Filed under Banes, Da Whiteman, Movement, News

More on the Question of Invalidation

I am still on strike, but I am announcing that the weather is still lovely and that it is going to be a good day.

I keep forgetting that it is now safe to get up in the morning and just do things. Normally I only think this is safe in out of town, safer out of state, and safest out of country. The reason it was not safe for a long time was that in Reeducation, getting up in the morning meant recommencing the regimen of destructive self criticism which Reeducation had devised.

I am aware that the 12 Stoners always promise that “Just for today …” they will live right and treat themselves right. But I had already been doing this for eighteen years, albeit outside the auspices of the 12 Stones, when I entered Reeducation. This fact, together with my accomplishments from ages 16 to 34, was precisely what Reeducation alleged to be invalid. Life could not be genuine if it had not been lived under Reeducation’s auspices.

I should not have been able to get this far and would not have, had I been “honest with myself” or “aware of my feelings” (which I could not have been, Reeducation believed). It could not be I, but must be a “false self” who had gotten so far. This “false self” must be strong and frightening indeed, since it had gotten so far given what my actual psychic circumstances had to be.

This was why Reeducation and I had to engage in such a fierce battle against the life I had been leading and my accomplishments. We were supposed to slug away until that “false self” broke open and revealed the Inner Child underneath, and until the “false self” admitted it was nothing more than an alibi for the completely powerless and irreparably damaged preschooler cradled inside like a damaged fetus not yet stillborn.

Although I have a good memory and I was the one present during all relevant events, I never did agree with all the details of Reeducation’s view on the condition of that child. That is why I remained “in denial,” and how I failed Reeducation. Still, Reeducation and I did a pretty good job of slugging away at me. I always liked to wake up and get up mornings before that.

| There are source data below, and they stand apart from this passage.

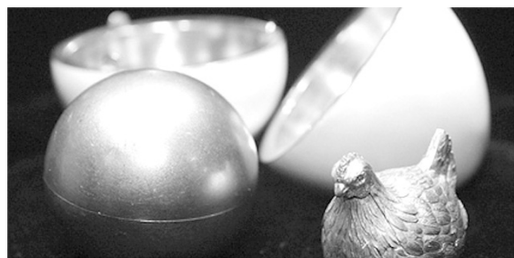
Dollármilliókat érnek: az első Fabergé-ékszer, a Tyúktojás, illetve a leghíresebb, a Koronázási tojás
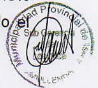
Gráfico N° 03

Respecto a los montos estimados de los procedimientos convocados durante el periodo enero a setiembre de 2018, se observa la predominancia de las Adjudicaciones Simplificadas representando el 48% y en menor proporción la Subasta Inversa electrónica representando el 44% del monto total programado en el PAC.
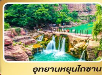
อุทยานหยุ่นโกซ่าน
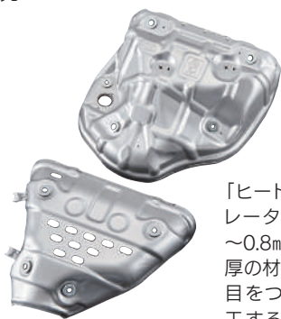
「ヒートインシュレーター」は0.3～0.8mmの薄い板厚の材料に、継ぎ目をつけずに加工する高度な技術で製造

私たちは社長の掲げている「上下一心」をスローガンに、すべての社員が人々に心地よい運転を提供するという志で製造に取り組んでいます。普段見ることがないエンジン部品を展示していますので、ぜひ一度ご覧ください。
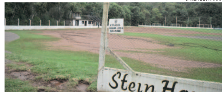
Estádio Raiana Luiza Hackmann (Ecas)

I have since been apprehensive as the sun comes up, afraid the slugging will start again, or that I will not be able to stop it, or that I will feel compelled to help with it, or that I am so used to it that I will not notice it until in horror, I see a visible wound.

Addendum

Things I learned as a child, which seemed impossible and were later revealed, in fact, to be untrue: Life was a terrible thing and one ought to commit suicide. If one lacked the courage to do this, one must find the right combination of drugs and pastimes to get oneself through the day, as actual improvement was an illusion. People who believed in the possibility of improvement were to be scorned for their coarse tastes.

What Reeducation thought: Life was an unhappy burden. But it could be managed, made easier and more pleasant, and thus borne.

What people have always said when I have said I wanted to leave the East and leave academia: I am [insert insulting adjective here] to believe in the possibility of autonomy, liveliness, and joy. I must realize that life is suffering, for one thing, and that all suffering is self created, for another. [Note the contradiction in that last sentence, folks.]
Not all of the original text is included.